How the Magic Happens
The graphic below is a simplified representation of how a tool like Microsoft CoPilot works.
When you deploy your LLM CoPilot in to the organisation, it comes pre-loaded with the insights, knowledge, and biases of the original public training data that helped develop its predictive model. We then apply that to the data and content in the organisation. And hope that it works well. It’s analogous to hiring a junior member of staff and expecting them to be able to immediately search and find the right things for you in your SharePoint or other repositories. And it has the added bonus that this digital intern will forget the context of things in your searches with every query and will rely on your metadata each time they go looking for something.

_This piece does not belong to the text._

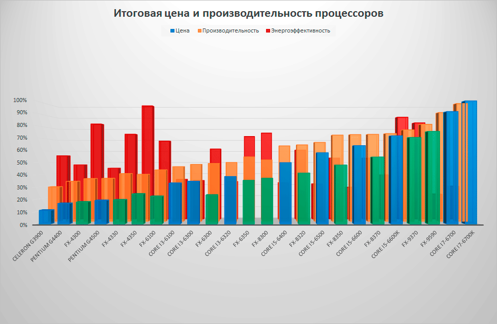 И все-таки, как же подойти к выбору процессора? Есть два варианта: исходить из цены или из производительности. Первый вариант довольно прост: определяем доступный бюджет, подбираем конфигурацию будущего ПК без процессора, а на оставшиеся деньги стараемся приобрести что-то наиболее оптимальное. Во втором варианте все немного сложнее, сначала определяется нужный уровень производительности, а затем уже формируется конфигурация, основную трудность здесь составляет выбор конкретного процессора в линейке, так как разница в производительности неочевидна, а разница в цене может быть весьма ощутимой.

Even a CoPilot needs data to navigate by
So, the quality of your CoPilot’s navigation to infer and predict the correct outputs in response to your prompt will depend on the quality of metadata and the curation of content. And the risk of your tool unearthing and disclosing information that people should not be aware of (e.g. commercially sensitive data, information that might be subject to intellectual property restrictions, or personal data of staff or customers which shouldn’t be shared within the organisation) likewise is a function and factor of your general data governance and your historic approach to Document and Content Management and Metadata management.
It’s not just me saying this. This is what Microsoft say in their documentation for IT Admins on getting ready for CoPilot:
The last bit in bold is a bit of an understatement, to say the least. Particularly when we add in the important context that Microsoft CoPilot will use all the organisational data within your Microsoft 365 tenant (and any external tool you connect into the Microsoft Graph, such as your CRM system) to deliver the ‘experiences’. Access will be based on user access rights to content. Which raises further metadata and data governance challenges in ensuring role appropriate user access controls are in place and operate effectively.
CoPilot or Coprolite?
Depending on the level of organisation maturity in data fundamentals, LLMs in the internal business context have a lot of potential. Either it will be a trusted copilot, helping you to navigate a course through the accumulated documents, content, and other data in your organisation to get to your destination and execute tasks efficiently and effectively.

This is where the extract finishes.